- Rozgrywki
- Rozgrywki seniorskie
- 2. Liga Mężczyzn
- Aktualności
- Ojansivu: Jeżeli nie wierzy się w wygraną, lepiej zostać w hotelu
Bartosz Tobieński, MS, fot. Jarosław Pruss, 24 sierpnia 2017
- Po dwóch pierwszych setach sądziliśmy, że ten mecz już się zakończył, ale to tak nie działa ani w siatkówce, ani w żadnym innym sporcie – powiedział po meczu rozstrzygniętym na korzyść swojej drużyny najlepiej punktujący zawodnik po stronie Finlandii, Olli-Pekka Ojansivu. Drużyna Tuomasa Sammelvuo zwyciężyła w ERGO ARENIE 3:2 w pierwszym meczu Grupy A LOTTO EUROVOLLEY POLAND 2017 w grającej w Gdańsku Grupie A.
Ojansivu był prawdziwą opoką fińskiego zespołu w czwartkowym starciu z Estonią. Kibice w ERGO ARENIE nie mogli skarżyć się na brak emocji , a zawodnicy na brak dopingu – wyrównana gra obu zespołów porwała bowiem fanów zasiadających na trybunach.
- Estonia walczyła zaciekle i dzielnie jak lew. Tak samo i my.
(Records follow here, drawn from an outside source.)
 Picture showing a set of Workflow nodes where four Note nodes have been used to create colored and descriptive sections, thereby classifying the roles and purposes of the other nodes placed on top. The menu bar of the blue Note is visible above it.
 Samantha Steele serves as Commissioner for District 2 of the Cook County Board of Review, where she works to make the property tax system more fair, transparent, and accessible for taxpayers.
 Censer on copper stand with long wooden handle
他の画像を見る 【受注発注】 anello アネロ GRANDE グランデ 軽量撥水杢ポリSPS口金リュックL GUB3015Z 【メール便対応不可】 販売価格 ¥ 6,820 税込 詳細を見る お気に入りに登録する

Sądzę, że w stylu gry naszych zespołów były właśnie takie podobne detale, które przeważały tę szalę raz na jedną, raz na drugą stronę – powiedział fiński atakujący.
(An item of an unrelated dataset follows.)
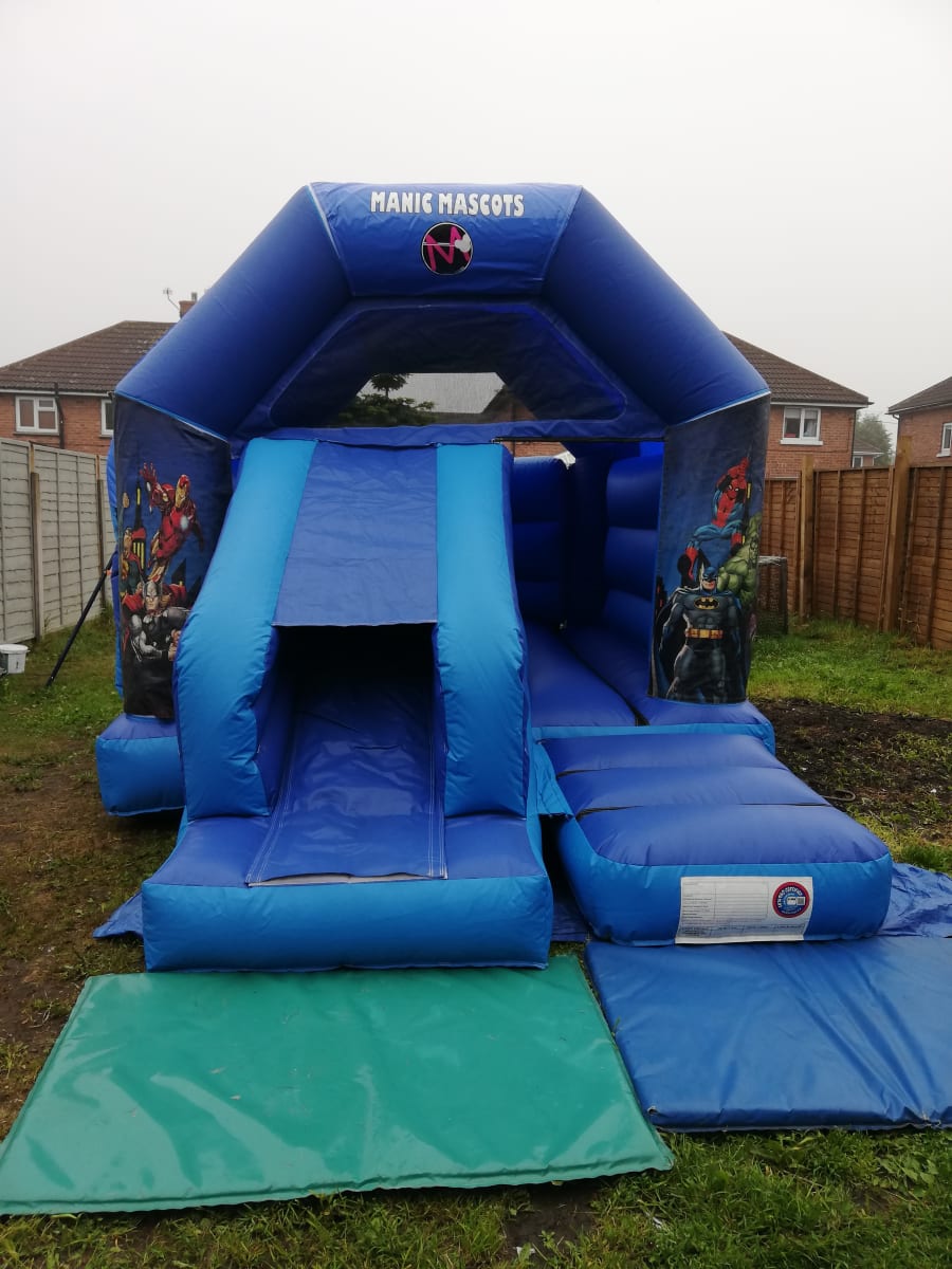 This super hero bouncy castle is the best of both worlds, its a bouncy castle with built in slide.

Teraz Finów czeka dzień przerwy i już w sobotę zmierzą się w ERGO ARENIE z reprezentacją Polski.
- To na pewno bardzo silna drużyna, ale moim zdaniem głupotą jest podchodzić do meczu z takim nastawieniem, z brakiem wiary w wygraną. Lepiej zostać w hotelu, jeżeli nie wierzy się w korzystny rezultat – odparł zawodnik pytany o nadchodzące starcie z mistrzami świata z 2014 roku.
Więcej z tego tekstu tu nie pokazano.